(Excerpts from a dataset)

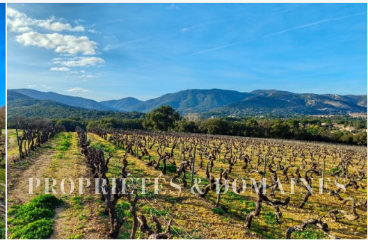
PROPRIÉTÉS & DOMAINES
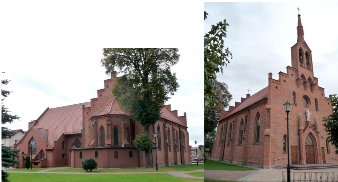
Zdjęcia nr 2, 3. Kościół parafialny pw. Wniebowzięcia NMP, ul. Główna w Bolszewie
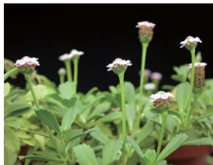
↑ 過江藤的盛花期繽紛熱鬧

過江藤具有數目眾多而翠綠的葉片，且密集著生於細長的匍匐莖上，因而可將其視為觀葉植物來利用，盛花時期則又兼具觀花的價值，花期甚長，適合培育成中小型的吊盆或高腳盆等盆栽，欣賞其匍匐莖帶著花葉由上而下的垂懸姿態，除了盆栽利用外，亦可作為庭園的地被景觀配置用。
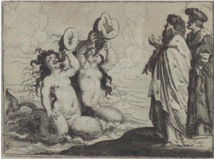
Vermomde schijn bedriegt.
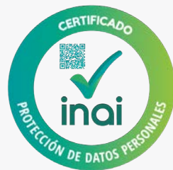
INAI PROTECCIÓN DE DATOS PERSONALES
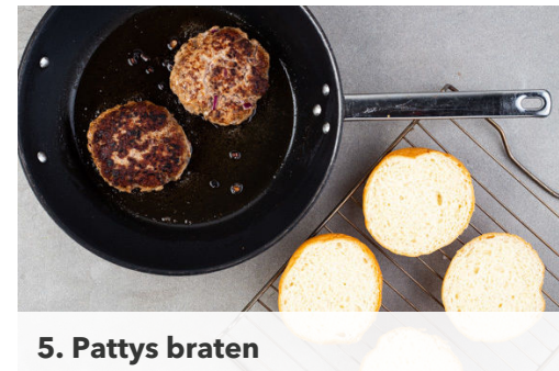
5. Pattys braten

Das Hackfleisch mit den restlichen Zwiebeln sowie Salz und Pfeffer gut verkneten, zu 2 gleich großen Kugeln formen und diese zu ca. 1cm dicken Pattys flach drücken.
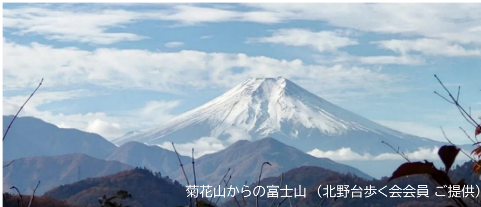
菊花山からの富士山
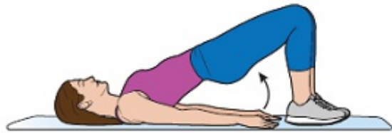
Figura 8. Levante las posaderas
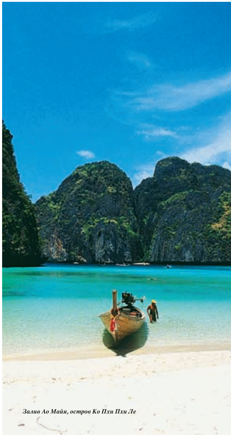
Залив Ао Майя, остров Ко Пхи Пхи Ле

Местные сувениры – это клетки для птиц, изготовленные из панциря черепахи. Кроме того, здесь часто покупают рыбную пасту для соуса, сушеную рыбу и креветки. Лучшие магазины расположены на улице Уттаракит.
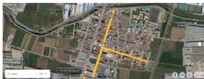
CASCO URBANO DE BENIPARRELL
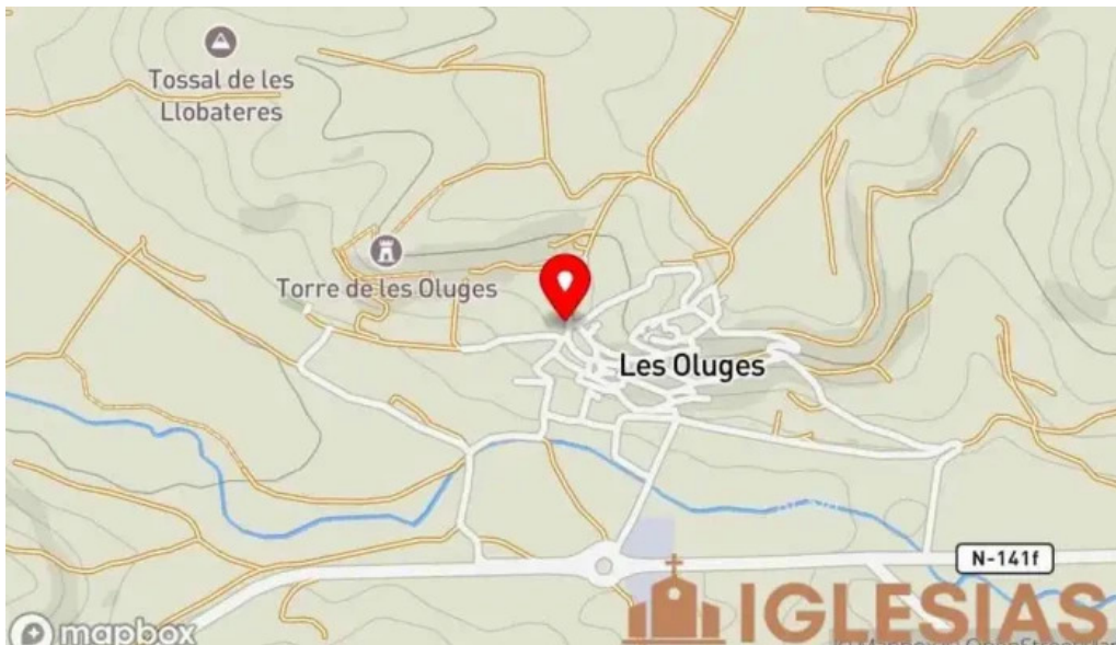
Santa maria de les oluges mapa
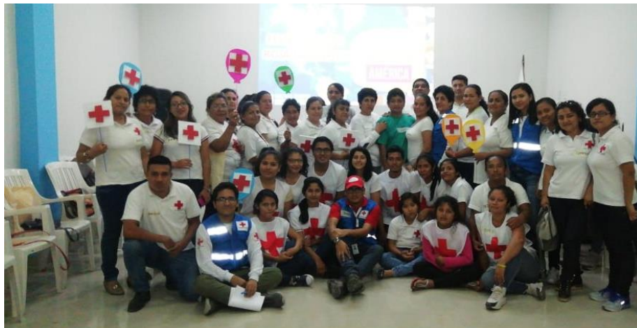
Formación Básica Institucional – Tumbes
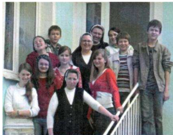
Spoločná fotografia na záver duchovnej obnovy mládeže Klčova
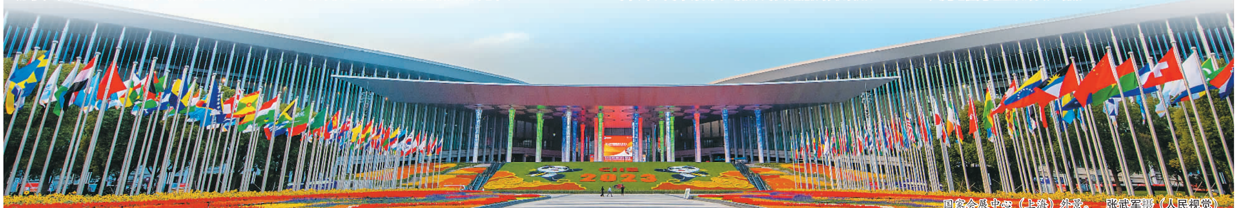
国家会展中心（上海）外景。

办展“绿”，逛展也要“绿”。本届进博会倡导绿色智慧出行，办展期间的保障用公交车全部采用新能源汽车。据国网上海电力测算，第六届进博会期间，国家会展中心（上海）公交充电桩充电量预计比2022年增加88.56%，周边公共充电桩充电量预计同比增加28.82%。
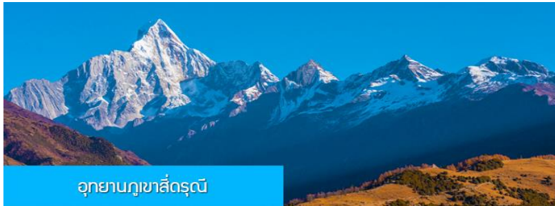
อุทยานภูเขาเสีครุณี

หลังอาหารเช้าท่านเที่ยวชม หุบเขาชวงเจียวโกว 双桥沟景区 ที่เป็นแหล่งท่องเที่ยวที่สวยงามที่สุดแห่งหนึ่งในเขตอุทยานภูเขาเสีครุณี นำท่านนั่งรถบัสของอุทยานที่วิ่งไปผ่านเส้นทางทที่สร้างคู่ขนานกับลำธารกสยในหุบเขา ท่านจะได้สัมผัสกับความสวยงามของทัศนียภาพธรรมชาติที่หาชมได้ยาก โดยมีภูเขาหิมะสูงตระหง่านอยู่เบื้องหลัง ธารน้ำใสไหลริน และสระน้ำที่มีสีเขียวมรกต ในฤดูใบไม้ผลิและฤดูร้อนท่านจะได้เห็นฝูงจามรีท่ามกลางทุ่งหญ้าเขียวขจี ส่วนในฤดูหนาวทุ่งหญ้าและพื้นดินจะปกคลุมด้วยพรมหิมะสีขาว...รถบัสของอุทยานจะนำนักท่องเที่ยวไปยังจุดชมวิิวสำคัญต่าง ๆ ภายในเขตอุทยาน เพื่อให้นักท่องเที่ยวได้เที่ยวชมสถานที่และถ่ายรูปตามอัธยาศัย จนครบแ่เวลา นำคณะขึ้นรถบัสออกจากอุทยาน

■ Try it: Exclude the pictures, then write out every record exactly as it stands.

■ Response area:
PROPRIÉTÉS & DOMAINES
Zdjęcia nr 2, 3. Kościół parafialny pw. Wniebowzięcia NMP, ul. Główna w Bolszewie
↑ 過江藤的盛花期繽紛熱鬧

過江藤具有數目眾多而翠綠的葉片，且密集著生於細長的匍匐莖上，因而可將其視為觀葉植物來利用，盛花時期則又兼具觀花的價值，花期甚長，適合培育成中小型的吊盆或高腳盆等盆栽，欣賞其匍匐莖帶著花葉由上而下的垂懸姿態，除了盆栽利用外，亦可作為庭園的地被景觀配置用。
Vermomde schijn bedriegt.
INAI PROTECCIÓN DE DATOS PERSONALES
5. Pattys braten

Das Hackfleisch mit den restlichen Zwiebeln sowie Salz und Pfeffer gut verkneten, zu 2 gleich großen Kugeln formen und diese zu ca. 1cm dicken Pattys flach drücken.
菊花山からの富士山
Figura 8. Levante las posaderas
Залив Ао Майя, остров Ко Пхи Пхи Ле

Местные сувениры – это клетки для птиц, изготовленные из панциря черепахи. Кроме того, здесь часто покупают рыбную пасту для соуса, сушеную рыбу и креветки. Лучшие магазины расположены на улице Уттаракит.
CASCO URBANO DE BENIPARRELL
Santa maria de les oluges mapa
Formación Básica Institucional – Tumbes
Spoločná fotografia na záver duchovnej obnovy mládeže Klčova
国家会展中心（上海）外景。

办展“绿”，逛展也要“绿”。本届进博会倡导绿色智慧出行，办展期间的保障用公交车全部采用新能源汽车。据国网上海电力测算，第六届进博会期间，国家会展中心（上海）公交充电桩充电量预计比2022年增加88.56%，周边公共充电桩充电量预计同比增加28.82%。
อุทยานภูเขาเสีครุณี

หลังอาหารเช้าท่านเที่ยวชม หุบเขาชวงเจียวโกว 双桥沟景区 ที่เป็นแหล่งท่องเที่ยวที่สวยงามที่สุดแห่งหนึ่งในเขตอุทยานภูเขาเสีครุณี นำท่านนั่งรถบัสของอุทยานที่วิ่งไปผ่านเส้นทางทที่สร้างคู่ขนานกับลำธารกสยในหุบเขา ท่านจะได้สัมผัสกับความสวยงามของทัศนียภาพธรรมชาติที่หาชมได้ยาก โดยมีภูเขาหิมะสูงตระหง่านอยู่เบื้องหลัง ธารน้ำใสไหลริน และสระน้ำที่มีสีเขียวมรกต ในฤดูใบไม้ผลิและฤดูร้อนท่านจะได้เห็นฝูงจามรีท่ามกลางทุ่งหญ้าเขียวขจี ส่วนในฤดูหนาวทุ่งหญ้าและพื้นดินจะปกคลุมด้วยพรมหิมะสีขาว...รถบัสของอุทยานจะนำนักท่องเที่ยวไปยังจุดชมวิิวสำคัญต่าง ๆ ภายในเขตอุทยาน เพื่อให้นักท่องเที่ยวได้เที่ยวชมสถานที่และถ่ายรูปตามอัธยาศัย จนครบแ่เวลา นำคณะขึ้นรถบัสออกจากอุทยาน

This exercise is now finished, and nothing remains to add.